Monday, November 5, 2012

The Hurricane Sandy Blather Series Volume 1

Today was jittery, just a mess, looking at gorgeous footage I couldn't wrap my brain around, addled as it is with thoughts of Sandy destitution and an election in the balance.

Tonight I got a text from a good, old friend that said "Oh, by the way, I'm going through a mid-life crisis."  Christ if this all weren't enough already.  Sometimes I feel like I am on the verge of a mid-life crisis.  I've never been the crisis type, often too ready to enjoy the desperate moments.  It can't be a crisis if you're sorta liking it.  But I can feel it creeping in at the edges these days. And if you're not enjoying it, it doesn't feel good.

A couple weeks ago the very first surfing literary voice I ever knew stood before me and I fluffed my lines.  Growing up a PNW wannabe, Derek Hynd's Surfer chronicles of the ASP Top 40 were my first introduction into that world.  His was the only voice, the only place to learn the intricacies of why one would fail while the next would succeed.  Actually, when I think about it now, the pedagogological core of my surfing education was very old fashioned.
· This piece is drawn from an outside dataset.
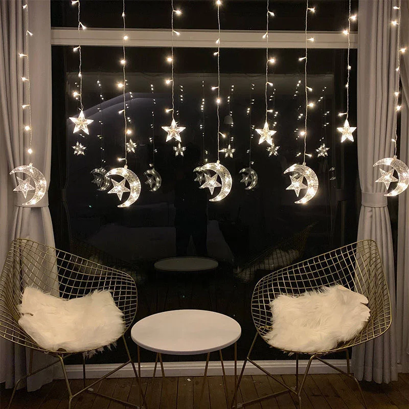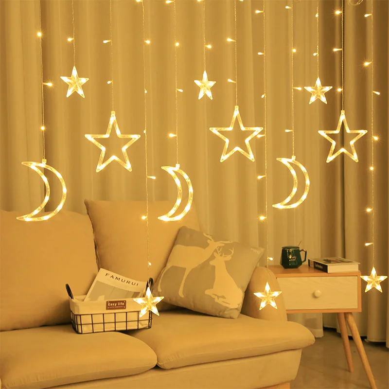 زينة عيد مبارك رمضان، ستارة من ضوء LED على شكل قمر ونجمة، مستلزمات حفلات إسلامية ومسلمة 2024، ديكور غرفة المنزل

I barely ever watched surfing videos. The only images I had were glossy magazine photos and the anything I could conjure from the words on the page.  And the most memorable words, more often than not, were Hynd's.  And I got to hang out with him for a night. And of course I had nothing to say.  Absolutely zero.  Hilarious. Maybe telling.

That same night Nick Carroll was saying something about pulling airs and why so many surfers gravitate to it these days.  He was saying something about the emotional connection, some sort of pit-of-the-belly core-memory-ish thing to which vaulting off a wave might harken.  As someone who couldn't launch to save his life, I wonder if it is just an extension of that wonderful feeling of dropping in, that kind of empty space within which your stomach's suddenly found itself free to roam in, that looseness and free-fall sensation that is so hard to attain in life.  No wonder they boost airs ad nauseum in surf porn.
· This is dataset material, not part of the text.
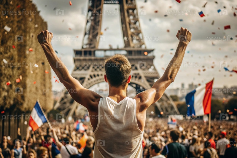 Атлет по легкой атлетике побеждает во время марафона или гонки на фоне Эйфелевой башни на спортивном мероприятии

Looking, ineffectually, at that wonderful footage today, I thought again about what it takes to be a photographer or a director and the kind of precision of confidence it necessitates.   But also, in many cases, the ability to make others feel at ease, that nonthreatening knack.  There is an ability some have to get those around them to buy into the act of art unfettered as the logical end of the process, beauty as the natural culmination of things, therefore everyone might as well give themselves to it. It is a special talent.

The other day on the drive out to Mastic Beach someone on the radio said:
"we're born, we struggle for relevance, then we die."